AVAILABLE RECORDS:
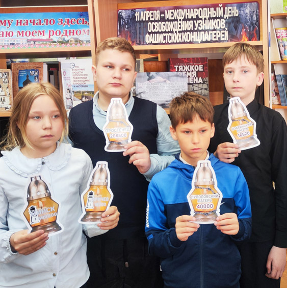 Библиотекарь рассказала о трагических событиях, имеющих место в таких концлагерях, как Освенцим, Дахау и Треблинка, а также о трагедиях белорусских лагерей смерти, таких как Тростенец, Озаричи и Красный Берег. Особое внимание было уделено судьбам детей, оказавшихся в эпицентре этих ужасных событий, и необходимости помнить о них, чтобы не допустить повторения исторических трагедий. Более подробно ребята ознакомились с историей Кричевского лагеря смерти, который действовал на территории цементного завода в период с 1941 по 1943 годы. Мероприятие завершилось минутой молчания, отданной в память о жертвах фашизма и обзором книжной выставки «Войной изломанные судьбы».
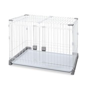 【商品説明】:3つのお掃除機能でお手入れが簡単なお掃除楽ちんサークルです。便利な仕切り付きで、トイレトレーニングに最適。留守番時等のペットの飛び出しを防止する屋根付き。【1】トレーが引き出せる 丸洗い可能。【2】扉がフルオープン 奥まで拭き掃除が簡単! 【3】コロ付きで移動が簡単! 床掃除に便利。
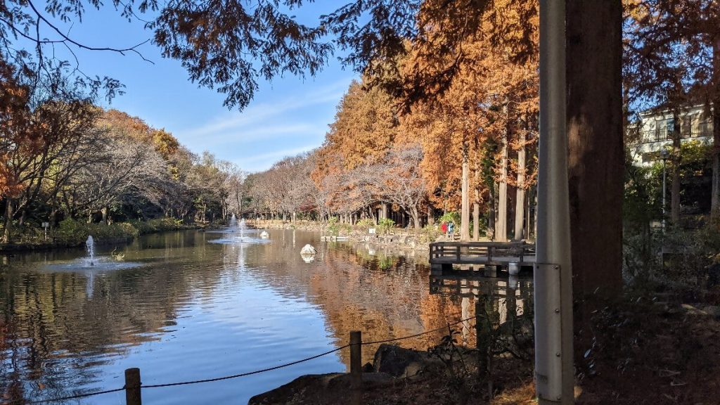モミジバフウやカエデ、イチョウ、メタセコイアが鮮やかに色づき、訪れる人の目を楽しませてくれます。また3月~11月の土日祝限定でスワンボート(有料)に乗ることができ、10月にはオータムフェスタが開催、さらにバラ園も開園。
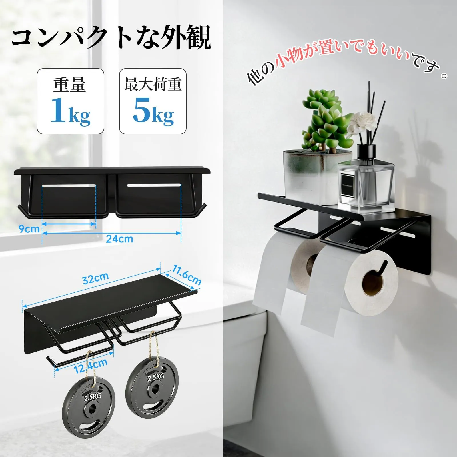 【製品のサイズ】幅32cm x 奥行12cm x 高さ9cm、最大耐荷重5kg。2巻のトイレットペーパーを同時に収納可能で、トイレットペーパーの交換の手間を軽減します。
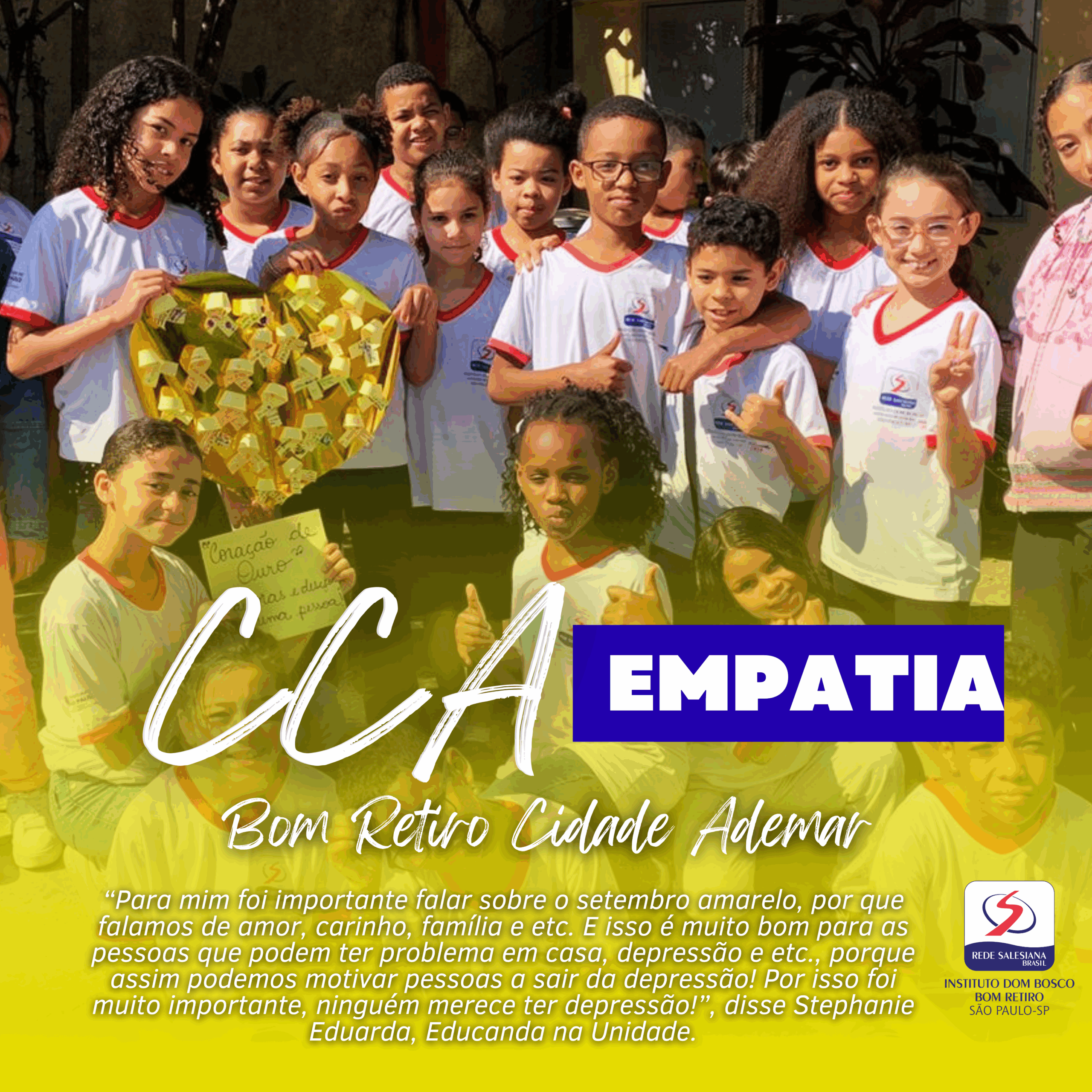 “Para mim foi importante falar sobre o setembro amarelo, por que falamos de amor, carinho, família e etc. E isso é muito bom para as pessoas que podem ter problema em casa, depressão e etc., porque assim podemos motivar pessoas a sair da depressão! Por isso foi muito importante, ninguém merece ter depressão!”, disse Stephanie Eduarda, Educanda na Unidade.
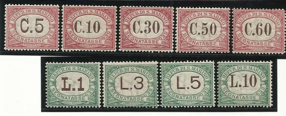 Steuermarken komplette Serie sehr frisch mit sehr guter Zentrierung Mit Linguella Spur - Steuermarken Nr. 10/18 sehr frische komplette Serie mit sehr guter Zentrierung und leichten Linguella-Spuren - Kat. euro 700 Code 701/7

WHAT YOU WILL DO:
Repeat the material above in full and unchanged, minus its images.

RESPONSE FOR THIS EXERCISE:
 Библиотекарь рассказала о трагических событиях, имеющих место в таких концлагерях, как Освенцим, Дахау и Треблинка, а также о трагедиях белорусских лагерей смерти, таких как Тростенец, Озаричи и Красный Берег. Особое внимание было уделено судьбам детей, оказавшихся в эпицентре этих ужасных событий, и необходимости помнить о них, чтобы не допустить повторения исторических трагедий. Более подробно ребята ознакомились с историей Кричевского лагеря смерти, который действовал на территории цементного завода в период с 1941 по 1943 годы. Мероприятие завершилось минутой молчания, отданной в память о жертвах фашизма и обзором книжной выставки «Войной изломанные судьбы».
 【商品説明】:3つのお掃除機能でお手入れが簡単なお掃除楽ちんサークルです。便利な仕切り付きで、トイレトレーニングに最適。留守番時等のペットの飛び出しを防止する屋根付き。【1】トレーが引き出せる 丸洗い可能。【2】扉がフルオープン 奥まで拭き掃除が簡単! 【3】コロ付きで移動が簡単! 床掃除に便利。
モミジバフウやカエデ、イチョウ、メタセコイアが鮮やかに色づき、訪れる人の目を楽しませてくれます。また3月~11月の土日祝限定でスワンボート(有料)に乗ることができ、10月にはオータムフェスタが開催、さらにバラ園も開園。
 【製品のサイズ】幅32cm x 奥行12cm x 高さ9cm、最大耐荷重5kg。2巻のトイレットペーパーを同時に収納可能で、トイレットペーパーの交換の手間を軽減します。
 “Para mim foi importante falar sobre o setembro amarelo, por que falamos de amor, carinho, família e etc. E isso é muito bom para as pessoas que podem ter problema em casa, depressão e etc., porque assim podemos motivar pessoas a sair da depressão! Por isso foi muito importante, ninguém merece ter depressão!”, disse Stephanie Eduarda, Educanda na Unidade.
 Steuermarken komplette Serie sehr frisch mit sehr guter Zentrierung Mit Linguella Spur - Steuermarken Nr. 10/18 sehr frische komplette Serie mit sehr guter Zentrierung und leichten Linguella-Spuren - Kat. euro 700 Code 701/7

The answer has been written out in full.